First-year student Giulia Gennari is campaigning to be the School of Health Sciences and Human Performance senator. She said she has experience communicating with faculty to express students’ concerns through organizing a Black affinity group and being a student government representative in high school.
“I understand the stress of college, and I have cried over chem before,” Gennari said. “I think it would just be nice to have someone in this position who knows the stresses that all the other students are going through.”
Sophomore Juno Brooks is running for one of two Class of 2027 senator positions. She said she has experience as the president of the student advocacy board in high school where she started a Black Student Union, and she is the senator of the college’s Black Student Union.
“I know it was really tough for me my first year, so I’d like us to have more community engagement,” Brooks said. “I’d like to do this by working with clubs and administration to have more events and get a better, more frequent bussing schedule so students can get off campus as well.”
First-year students Amelia Grimshaw and Manan Maini are both campaigning to fill the two Class of 2028 senator positions. Grimshaw said she has experience from emceeing her high school graduation and from working as treasurer for her high school’s student government. She said she plans to communicate information that is not common knowledge to the student body — for example, delivering oversized packages from the mail center.
“I want to make sure that information like that, that’s kind of … tucked away is brought out to the public, so everybody can be like, ‘Oh my gosh, they can bring my package to me,’” Grimshaw said.

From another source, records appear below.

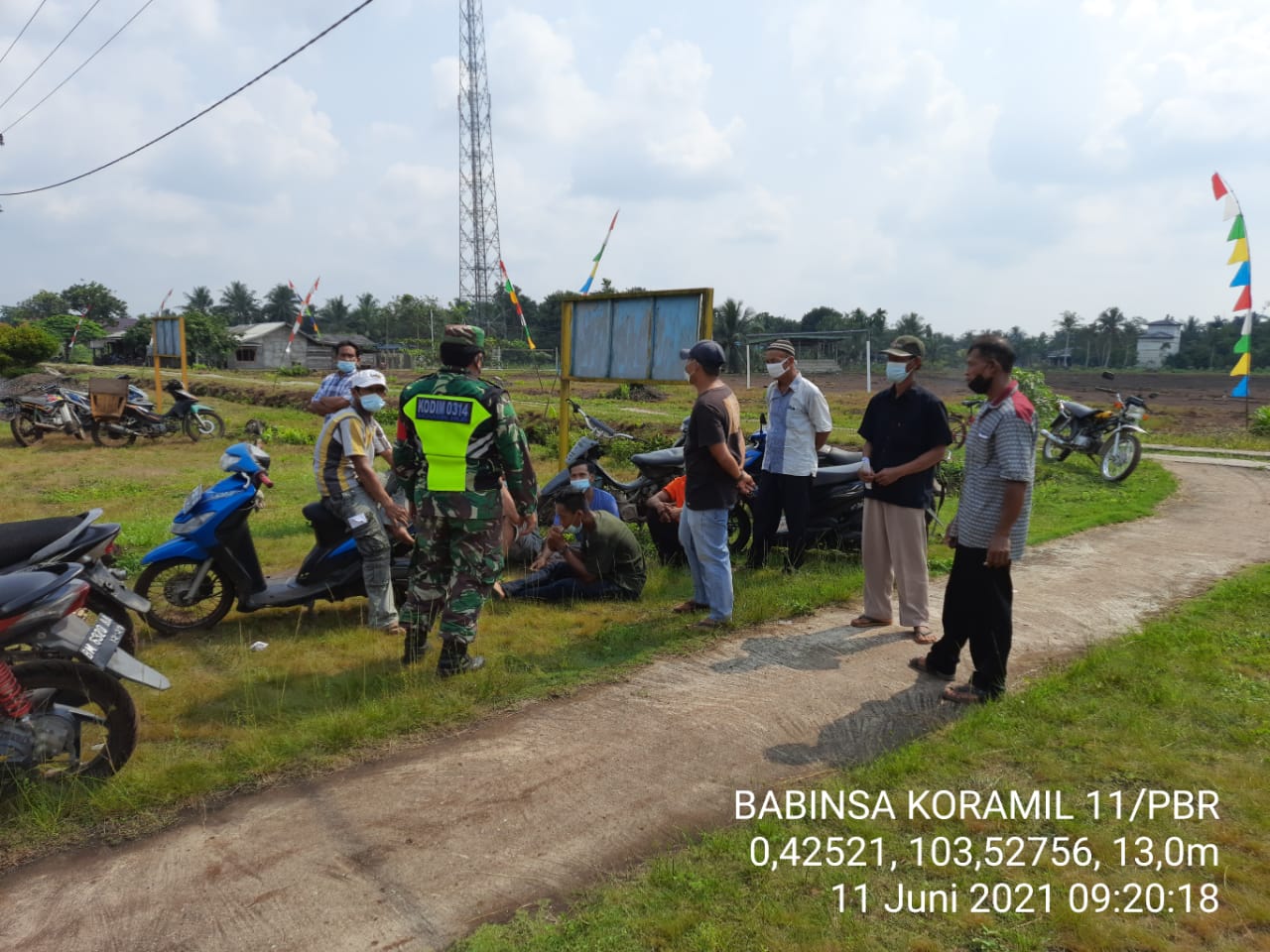 SERIBUPARITNEWS.COM,PULAUBURUNG - Babinsa Koramil 11/Pulau Burung Kodim 0314/Inhil Sertu Yanuarsyah  Melaksanakan Komsos bersama warga Dalam Rangka vaksin serta Penegakan Prokes Covid 19 Jumat (11/06/2021)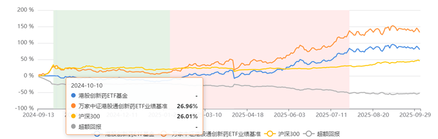 然而,回顾万家中证港股通创新药ETF的历史业绩,却出现一个52%的巨大超额亏损。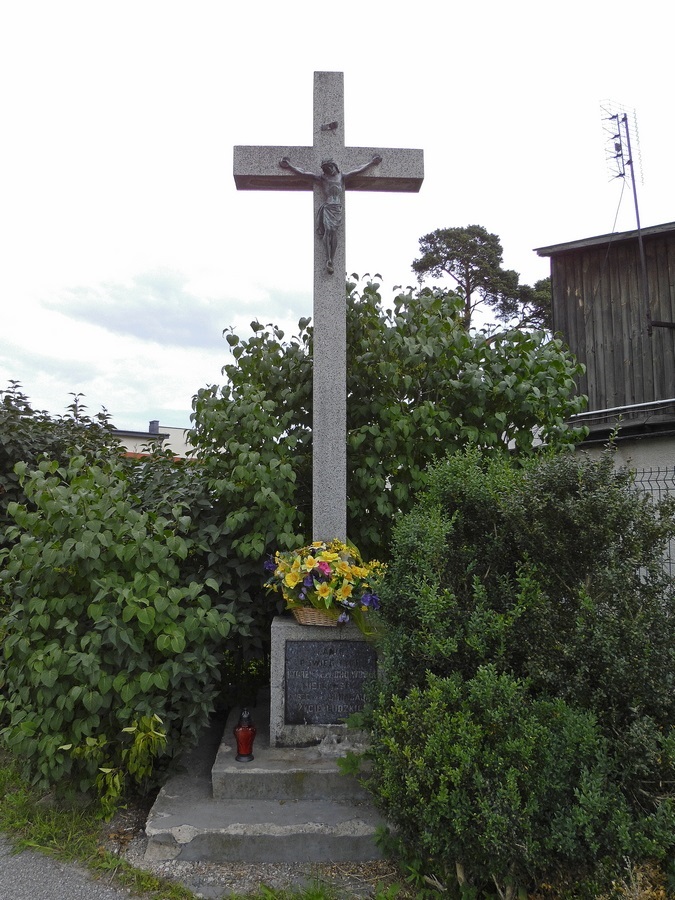 Nie odnalazłem na krzyżu ani płycie daty kiedy został postawiony. Historia natomiast mówi, że postawił go w tym miejscu (za zgodą władz) rozgoryczony mężczyzna po śmierci żony i córki. Najbliższe mu osoby zmarły w wyniku błędu lekarza z pobliskiej przechodni. Pogrążony w smutku mąż i ojciec postanowił postawić krzyż właśnie w tym miejscu aby przejeżdżający tędy doktor zawsze go widział i przypominał mu o tym wydarzeniu.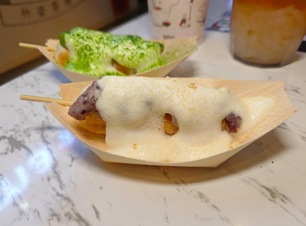 日式經典的烤糰子以及台灣香濃的紅豆 淋上濃郁的奶霜 , 有嚼勁有層次完全擄獲人心!口感不會過於甜膩 , 吃起來不膩口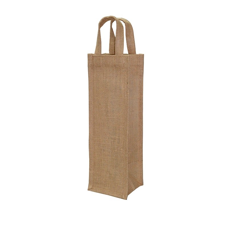 Confectionata din tesatura de iuta in culoare natur, aceasta punga cu doua toarte adauga un stil aparte sticlei de vin pe care o oferiti cadou. In interior, pentru asigurarea unei rezistente sporite si pentru a impiedica deformarea materialului, punga este dublata cu o folie subtire din plastic.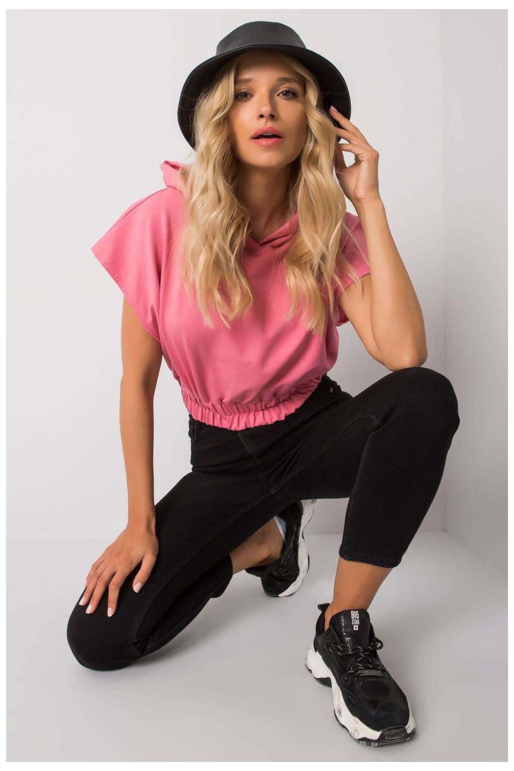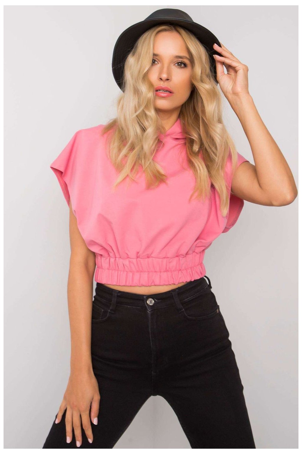 Dámská mikina volného střihu s krátkými rukávy a kapucí. Široká gumička ve spodní části.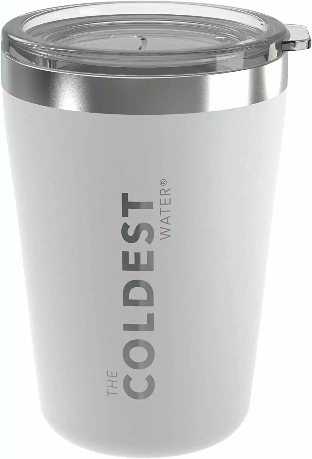 The Coldest Water Premium Tumbler Cup (12 Oz Stainless Steel Travel Mug) was built with our coffee drinkers in mind. This 12oz Tumbler (Epic White) will keep your drink hot or cold (travel mug for hot and cold beverages) at least 3x longer than a regular cup (Coffee Mug to Keep Ice Cold). Take it on the go. with the narrowed bottom that fits in 99% of cup holders (Super Cold Thermal Cup). Sliding tab lid keeps your drink inside. not out. Great for hot or cold drinks (Cups hot and cold). ice cream. cereal on the go. or your beer at the beach. Fit large ice cubes for your cold drinks (Thermos for hot coffee). and be rest assured that our double stainless steel walled tumbler will be your new favorite travel cup.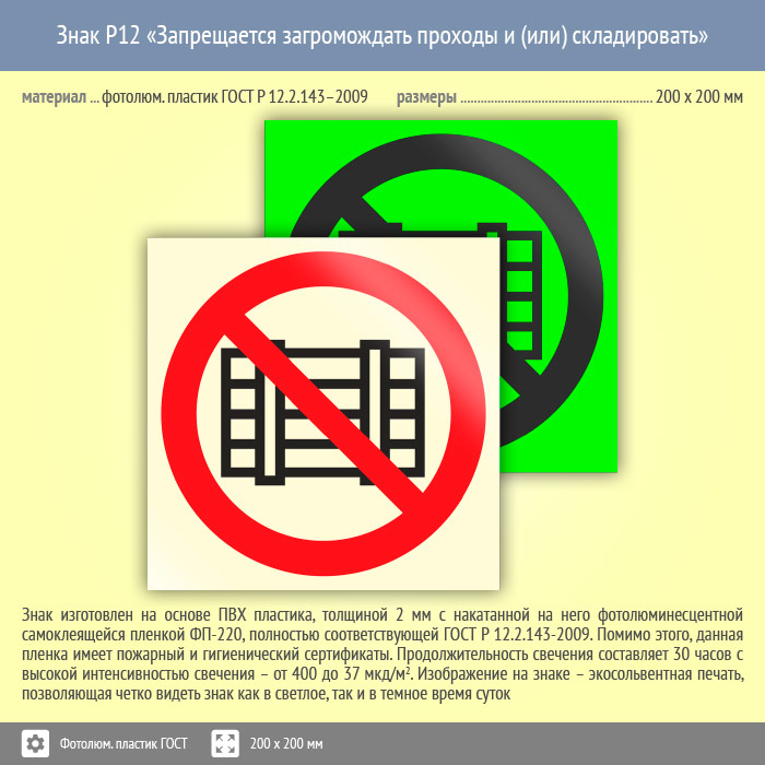Знак P12 «Запрещается загромождать проходы и (или) складировать» (фотолюминесцентный пластик ГОСТ 34428-2018, 200х200 мм) в Рыбинске купить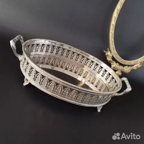 ------------------------------------------Поднос овальный на ножках с ручками и бортиком винтаж Италия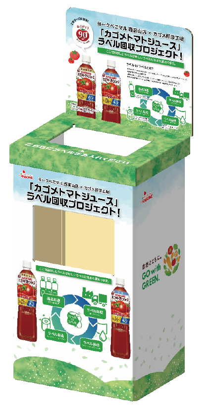 初回となる今回は、「カゴメトマトジュース 食塩無添加・低塩 各720mlPET」(発売90周年記念のロゴ入り パッケージ)を対象商品とし、株式会社ヨークベニマル 西富山店に回収のための専用ボックスを設置し、10月~12月の期間、回収を行います。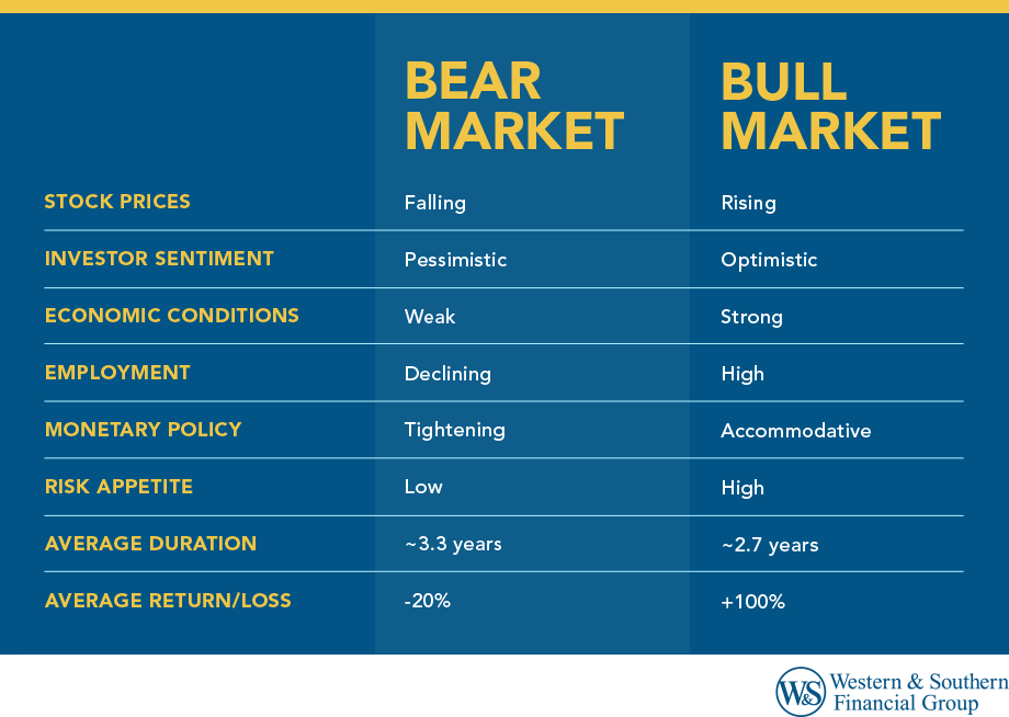 - Falling stock prices, negative investor sentiment, and economic slowdown mark a bear market.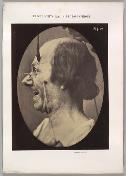 This photograph, "Figure 60: Fright," was created by Guillaume Benjamin Amand Duchenne in the 19th century. Duchenne was a French neurologist known for his work in mapping the muscles of the face and their relation to human emotions. During this period, scientific and medical discourse often intersected with social norms, influencing the representation and interpretation of human behavior. In this image, Duchenne used photography to capture and categorize the physical manifestations of "fright," attempting to create a universal visual language of emotion. But we must ask ourselves, who gets to define these emotions, and how do these definitions affect those being photographed? Duchenne's work, while groundbreaking, reflects the period's inclination to objectify and analyze the human body, raising ethical questions about medical experimentation and representation. Consider the emotional weight of being subjected to such scrutiny, the vulnerability of having one's expressions dissected and categorized. How does this photograph shape, or perhaps misshape, our understanding of human emotion?

Maini said he has strong communication skills from playing sports in high school. He said he wants to be a voice for the Class of 2028 and help open a line of communication between first-year students and upper-year students.
“I would eagerly be waiting to work with the SGC community to know about the inside out and let the students, or my main student know about these resources,” Maini said.
First-year students Claude Hayes and Abe Marron are both running for senator-at-large positions. Hayes said he came from a high school without a strong sense of community, which inspired him to want to help foster community at the college. Hayes plans to compile information on the college’s resources in one place in order to make it more easily accessible for the student body.
“Things like all of the acronyms used for organizations, figuring out the mail center and even the specifics of the dining room halls were kind of tricky for me to figure out,” Hayes said. “I’d want to compile a single place where all this information is available outright to first-years.”
Marron said he has leadership experience from his time as an Eagle Scout, when he developed leadership and organizational skills. He said he plans to use these skills to build community and keep the student body up to date.
“Since I don’t know a lot about specifics on IC yet, my primary plan is currently to foster as much communication as possible, because the best thing anyone can do for themselves — for everybody — is just to make sure everyone’s as informed as possible,” Marron said.
Sophomore Anabel Pimenta Velloso is running to be the varsity athlete senator. She said she wants to build community between athletes and the rest of the student body, as well as support the issues that the college’s student-athletes face.
“I think it’s not really understood, because we’re a Division III school, the level that a lot of us are competing at,” Velloso said. “A lot … is expected of us — time-wise, physically — and we have to be so many places, and oftentimes at once.”
SGC president Rishabh Sen closed out the presentations by thanking the candidates.